J'ai écrit ensuite de nombreux essais de « jeunesse » mais c'est avec Pandémonium pour clavecin en 1988 que commence véritablement le catalogue de mes œuvres, qui en comprend aujourd'hui une centaine. Pandémonium m'a ouvert pas mal de portes à l'époque, en particulier celles du Conservatoire de Paris. C'est une œuvre radicale qui jette les bases de toutes les techniques que j'utiliserai par la suite. Je l'avais fait entendre à Stockhausen lors d'une master-class et il avait été très élogieux.

RM : Vous appartenez à la génération des post (ou alter) spectraux, côtoyant dans la même promotion des compositeurs comme Marc-André Dalbavie, Thierry Blondeau, Jean-Luc Hervé, Régis Campo, etc. Comment vous situez-vous dans le paysage musical contemporain ?

FN : J'en fais partie parce que j'ai depuis toujours travaillé avec ses principales institutions mais je n'ai jamais appartenu à aucune école, ni sérielle, ni spectrale, ni autre. Bien sûr, je connais ces esthétiques, je les ai étudiées à fond et j'en ai beaucoup appris, mais j'ai assimilé ça à mon propre style et on ne peut en aucun cas m'y rattacher. Je suis arrivé au conservatoire quand toutes ces données étaient déjà historiques, approfondies et parfois même codifiées ; j'en ai gardé l'éthique mais j'ai pris mes distances avec l'esthétique. La pensée paramétrique, le fait de concevoir séparément hauteurs et durées est essentiel dans ma démarche mais personne ne peut dire que ma musique sonne « sérielle » ! J'ai travaillé sur le son, le bruit, les fréquences et leurs distorsions et j'ai utilisé l'électronique bien avant d'avoir entendu parler de l'école spectrale. La démarche de Helmut Lachenmann m'a intéressé un temps et dans une série d'œuvres (Les Animals, Le Plérome des éons, Impromptu d'Ohio…) J'ai beaucoup utilisé le « bruit » instrumental, mais c'était dans une démarche visuelle, théâtrale et humoristique bien différente de la sienne. Certains compositeurs ont continué trente ans après dans cette voie qui me paraissait déjà limitée à l'époque et je m'en étonne, surtout quand il s'agit de jeunes compositeurs. L'utilisation systématique de modes de jeu, avec bruits de souffle et autres frottements, est l'un des poncifs de la musique contemporaine.

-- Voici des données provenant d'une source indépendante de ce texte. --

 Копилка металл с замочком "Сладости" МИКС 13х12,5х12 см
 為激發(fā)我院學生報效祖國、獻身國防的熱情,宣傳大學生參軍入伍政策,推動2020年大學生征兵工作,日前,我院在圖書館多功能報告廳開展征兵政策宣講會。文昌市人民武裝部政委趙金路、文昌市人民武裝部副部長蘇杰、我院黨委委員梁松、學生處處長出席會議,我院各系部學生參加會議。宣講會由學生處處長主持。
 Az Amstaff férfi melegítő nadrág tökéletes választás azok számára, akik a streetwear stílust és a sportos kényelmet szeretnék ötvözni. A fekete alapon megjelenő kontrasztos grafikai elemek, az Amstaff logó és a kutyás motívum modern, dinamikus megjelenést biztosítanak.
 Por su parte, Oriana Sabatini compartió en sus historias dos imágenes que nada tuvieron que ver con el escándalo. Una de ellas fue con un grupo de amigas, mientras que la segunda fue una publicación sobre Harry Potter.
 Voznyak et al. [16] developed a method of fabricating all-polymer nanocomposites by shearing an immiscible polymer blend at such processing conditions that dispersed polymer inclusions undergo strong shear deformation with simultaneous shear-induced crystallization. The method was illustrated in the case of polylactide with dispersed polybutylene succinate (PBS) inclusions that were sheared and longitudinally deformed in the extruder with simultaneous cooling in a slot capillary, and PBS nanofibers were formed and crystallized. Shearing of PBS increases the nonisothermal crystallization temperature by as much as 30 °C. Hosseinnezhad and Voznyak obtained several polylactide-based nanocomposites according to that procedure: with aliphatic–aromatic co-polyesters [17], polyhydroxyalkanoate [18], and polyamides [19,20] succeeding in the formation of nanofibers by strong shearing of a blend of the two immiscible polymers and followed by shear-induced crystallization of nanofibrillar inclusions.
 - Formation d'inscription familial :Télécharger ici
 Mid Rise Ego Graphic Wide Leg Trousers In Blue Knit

RM : Vous pointez l'importance du processus dans votre musique et la notion de trajectoire…

FN : J'ai toujours utilisé des processus, des éléments de construction qui permettent à la musique de se dérouler d'elle-même, de façon quasi autonome. Je les employais de façon assez systématique au début, par exemple dans Pandémonium ou Paradis pour orgue (1991), puis j'ai appris à les casser peu à peu, à les détourner, pour donner à ma musique davantage de souplesse et d'imprévisibilité. Celle-ci n'en garde pas moins une directionnalité très forte qu'on ne trouve pas toujours dans la musique contemporaine. On pourra s'en rendre compte au concert du 1er octobre avec plusieurs œuvres récentes dans lesquelles processus et intuition sont arrivés, il me semble, à un parfait équilibre.

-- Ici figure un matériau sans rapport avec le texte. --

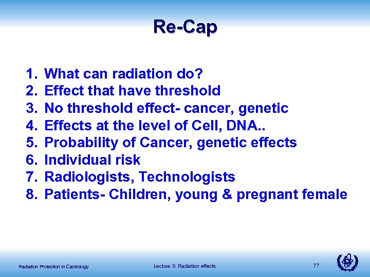 Re-Cap 1. 2. 3. 4. 5. 6. 7. 8. What can radiation do? Effect that have threshold No threshold effect- cancer, genetic Effects at the level of Cell, DNA. . Probability of Cancer, genetic effects Individual risk Radiologists, Technologists Patients- Children, young & pregnant female Radiation Protection in Cardiology Lecture 3: Radiation effects 77
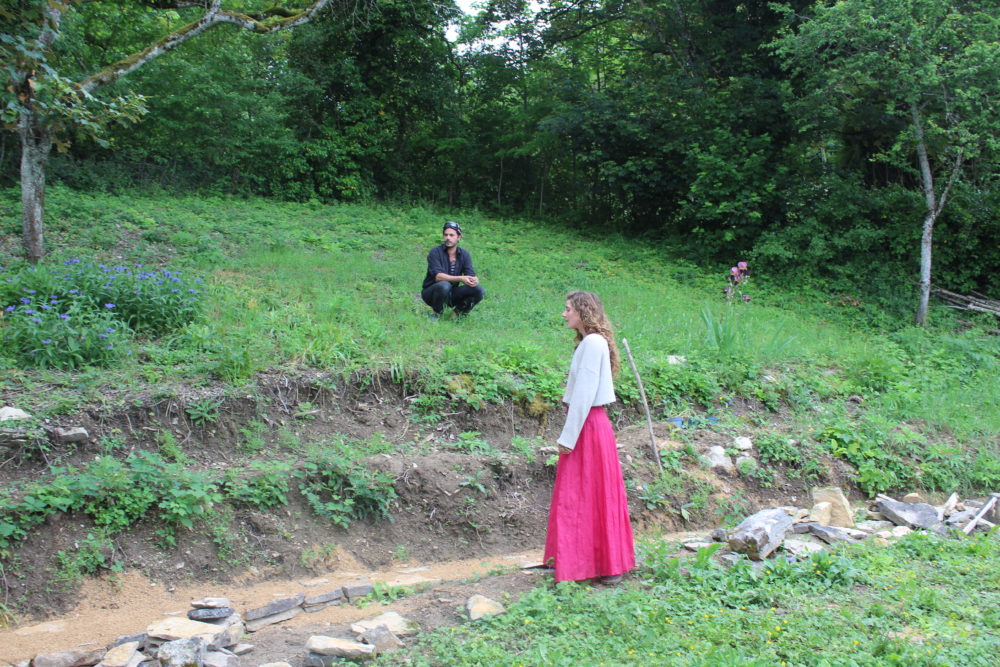 Baudoin Cristovéanu et Sophie Foster dans leur théâtre de verdure (crédits : Morgane Macé / Profession Spectacle)

RM : Vous accordez une grande importance au fait de jouer, d'être présent sur la scène. Vous arrive-t-il d'interpréter votre propre musique ?

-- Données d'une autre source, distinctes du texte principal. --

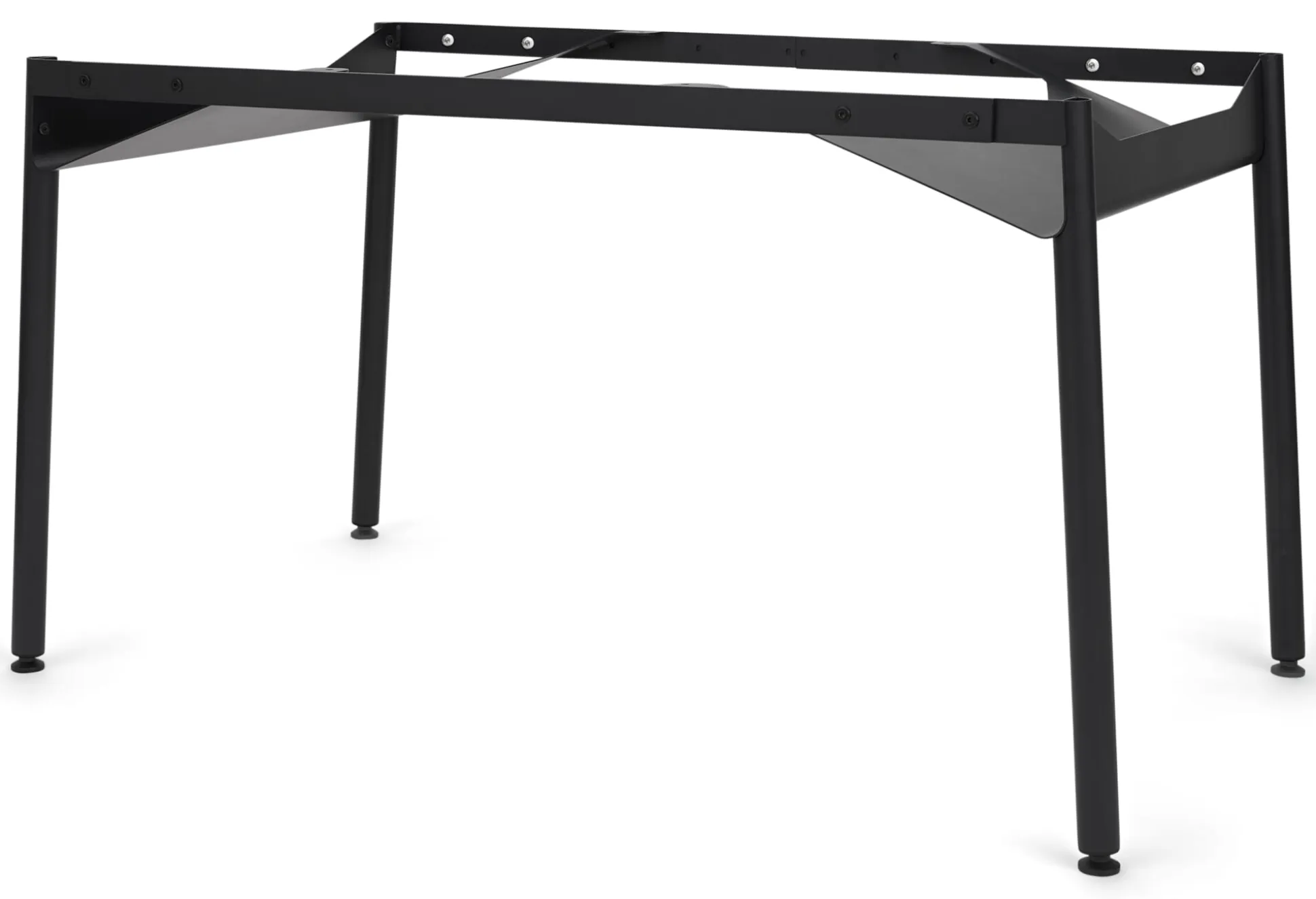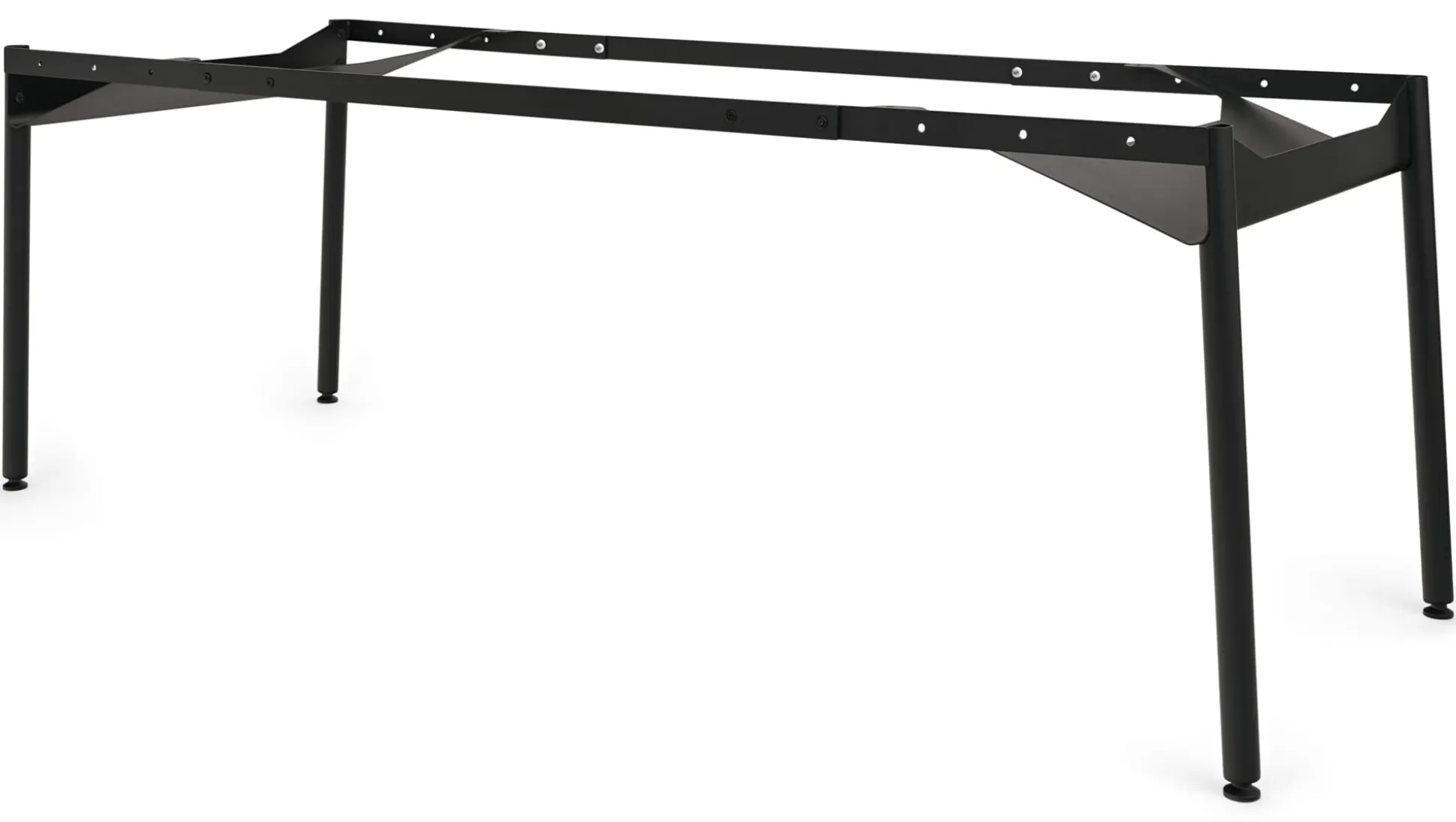 Wie aus dem Lehrbuch der Konstruktion: Diagonale heißt das Zauberwort! Beim Tischgestell ZEHDENICKER sorgt sie – elegant ausgeformt mit den an den Kopfseiten platzierten wannenartigen Bauteilen – für Stabilität und Verwindungssteifigkeit. Kein Wackeln, kein Schaukeln. Und das unabhängig davon, ob das Gestell im Architekturbüro oder am Essplatz eingesetzt wird. Aber auch sonst hat der formschöne und trotz seiner Robustheit und Stabilität fast filigran wirkende ZEHDENICKER allerhand zu bieten: Die stählernen Zargen des Tischgestells sind mit einem Lochraster versehen und erlauben es, das Gestell zwischen einer Breite von 135 bis 210 cm in festen Abständen zu variieren. Die beiden Wannen an den Köpfen des Tischs sind als Ablage für beispielsweise Servietten am Esstisch, Zeitungen oder auch die Mehrfachsteckdose am Arbeitsplatz zu nutzen. Zur Ausstattung gehören nivellierbare Stellfüße an den Tischbeinen. Alle Bauteile werden getrennt geliefert und sind mit wenigen Schrauben im Handumdrehen montiert.

FN : En tant que compositeur, je suis souvent « joué » comme on dit, et je viens saluer les interprètes sur scène à la fin de l'œuvre. J'assiste donc depuis la salle à ma propre création, c'est assez curieux, surtout venant du jazz comme moi où l'on est présent sur scène pendant toute la durée du concert. J'ai souvent dirigé mes œuvres et depuis vingt ans j'ai été amené à le faire dans d'importants projets et pour de grosses formations. Ainsi, pour les spectacles que nous avons réalisés avec le metteur en scène Antoine Juliens, les oratorios théâtraux Nuit dantesque au festival Colla voce de Poitiers en 2002 et Paul Claudel ou le drame de la conversion à Notre-Dame de Paris en 2005, puis l'opéra Au bois lacté à l'Opéra-théâtre de Metz en 2008.

En revanche, je n'avais jamais joué ma propre musique en dehors du jazz et j'ai été amené à le faire pour la première fois avec le ciné-concert L'Inconnu, d'après The Unknown de Tod Browning, au festival Musica en 2018. Je jouais ma partie de vibraphone en dirigeant un quatuor à cordes et un clavier électronique, avec un œil sur l'image et le prompteur pour être calé à la seconde près. Je n'avais jamais joué du Narboni auparavant et ce n'était pas facile, surtout avec une partition d'une heure et quart !

Il y a quatre ans, nous avons créé avec mon fils Lucas qui est saxophoniste le groupe Extensions, avec le bassiste Alain Wittiche et le batteur Jules Emering… J'y joue du vibraphone et du malletkat (vibraphone électronique) et j'en écris la musique. J'ai progressivement intégré aux compositions du groupe, plutôt jazz fusion à l'origine, des éléments venus de mon langage contemporain. Alors que j'avais toujours séparé ma pratique du jazz de mon écriture contemporaine, je tends aujourd'hui à les réunir.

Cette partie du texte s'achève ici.